(SOURCE MATERIAL begins)
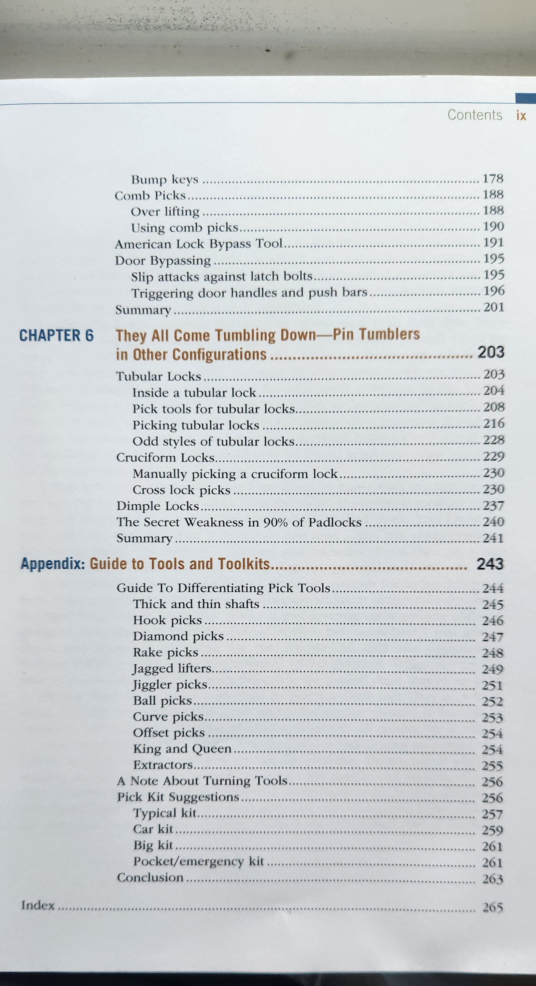 This chapter covers tubular locks, cruciform locks, and dimple locks - how they operate and how to pick them.
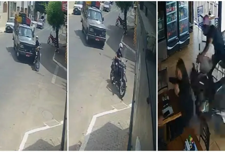 Após se chocarem, o motociclista acaba deslizando para dentro da padaria, onde dois clientes estavam sendo atendidos por uma funcionária. As câmeras internas do estabelecimento captaram o momento exato em que a moto invade o espaço e para após se chocar contra os móveis.
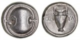 BOEOTIA, Thebes, (363-338 B.C.), silver stater (12.17 g), Olym., magistrate, obv. Boiotian shield, rev. amphora in concave field, spearhead to right above [off flan], across ...
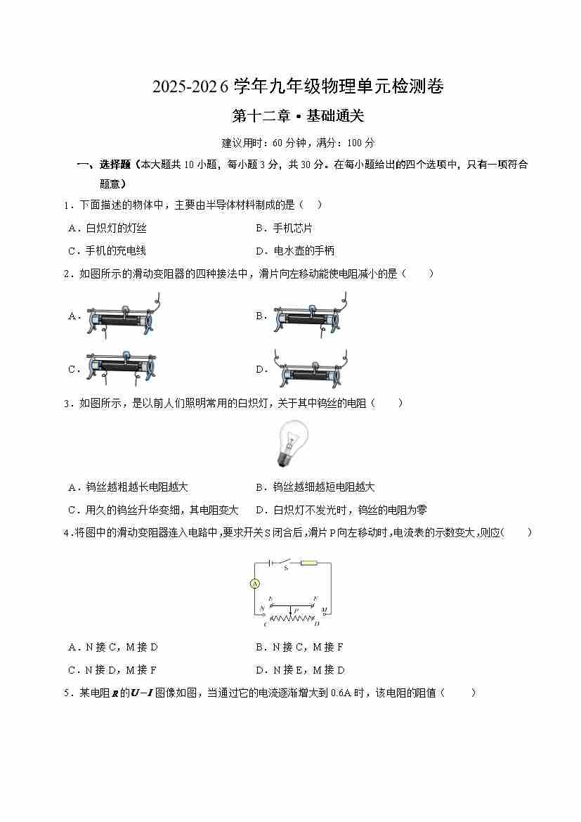 首页 > 全部 > 单元测试 > 第十二章 欧姆定律(单元测试·基础卷)(考试版A4)
(SOURCE MATERIAL ends)
TASK DETAILS: Set the material down exactly, images excluded.

TASK ANSWER:
 This chapter covers tubular locks, cruciform locks, and dimple locks - how they operate and how to pick them.
 Após se chocarem, o motociclista acaba deslizando para dentro da padaria, onde dois clientes estavam sendo atendidos por uma funcionária. As câmeras internas do estabelecimento captaram o momento exato em que a moto invade o espaço e para após se chocar contra os móveis.
 BOEOTIA, Thebes, (363-338 B.C.), silver stater (12.17 g), Olym., magistrate, obv. Boiotian shield, rev. amphora in concave field, spearhead to right above [off flan], across ...
 首页 > 全部 > 单元测试 > 第十二章 欧姆定律(单元测试·基础卷)(考试版A4)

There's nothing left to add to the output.